# Activity
Copy all lines below that use the word "Area".

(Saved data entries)
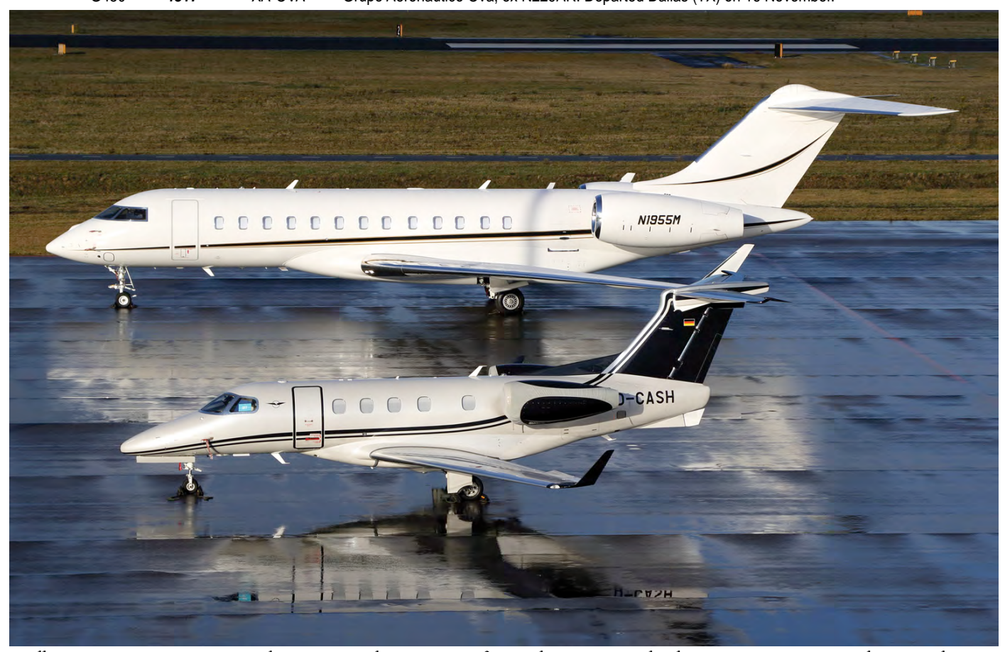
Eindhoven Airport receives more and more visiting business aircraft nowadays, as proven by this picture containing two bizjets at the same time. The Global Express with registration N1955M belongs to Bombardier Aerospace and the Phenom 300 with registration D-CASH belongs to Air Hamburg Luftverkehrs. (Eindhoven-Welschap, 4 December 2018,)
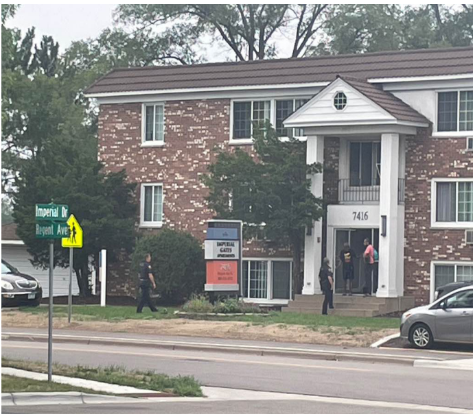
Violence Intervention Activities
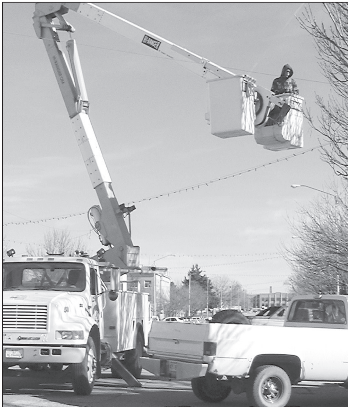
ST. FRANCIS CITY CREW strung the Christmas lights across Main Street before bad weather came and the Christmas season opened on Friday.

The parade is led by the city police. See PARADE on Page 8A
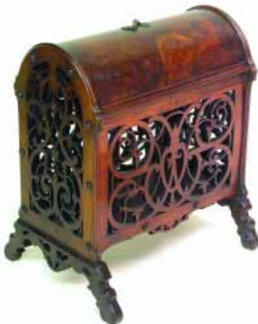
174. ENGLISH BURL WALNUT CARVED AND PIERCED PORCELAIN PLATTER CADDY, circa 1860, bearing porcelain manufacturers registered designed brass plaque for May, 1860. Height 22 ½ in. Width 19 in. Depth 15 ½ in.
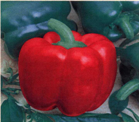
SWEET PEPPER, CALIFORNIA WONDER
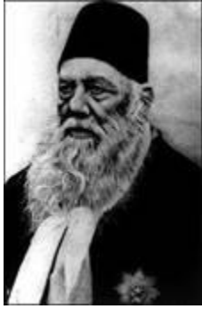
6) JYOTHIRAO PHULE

* * *

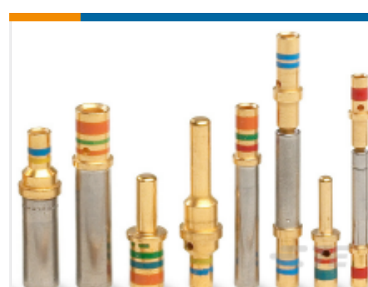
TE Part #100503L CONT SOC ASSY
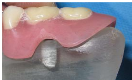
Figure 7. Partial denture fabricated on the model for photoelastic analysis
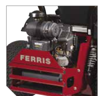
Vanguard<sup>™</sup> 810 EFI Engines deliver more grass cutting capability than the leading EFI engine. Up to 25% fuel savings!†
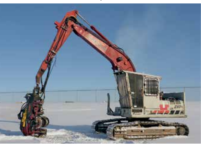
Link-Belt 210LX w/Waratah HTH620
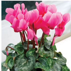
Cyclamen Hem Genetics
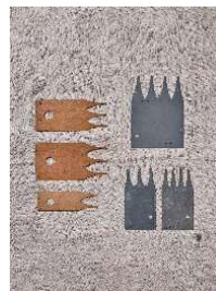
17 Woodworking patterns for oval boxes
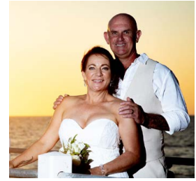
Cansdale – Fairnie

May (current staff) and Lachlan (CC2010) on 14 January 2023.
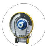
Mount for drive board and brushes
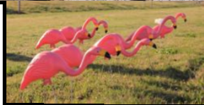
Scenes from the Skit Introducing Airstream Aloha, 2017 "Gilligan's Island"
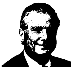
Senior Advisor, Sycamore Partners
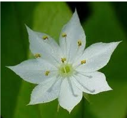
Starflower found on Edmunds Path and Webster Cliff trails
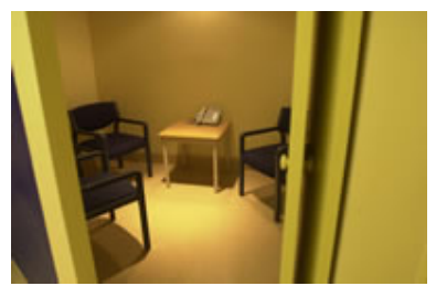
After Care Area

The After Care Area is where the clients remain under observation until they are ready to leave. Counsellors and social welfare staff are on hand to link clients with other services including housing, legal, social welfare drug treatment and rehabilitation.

# Written response
After Care Area
The After Care Area is where the clients remain under observation until they are ready to leave. Counsellors and social welfare staff are on hand to link clients with other services including housing, legal, social welfare drug treatment and rehabilitation.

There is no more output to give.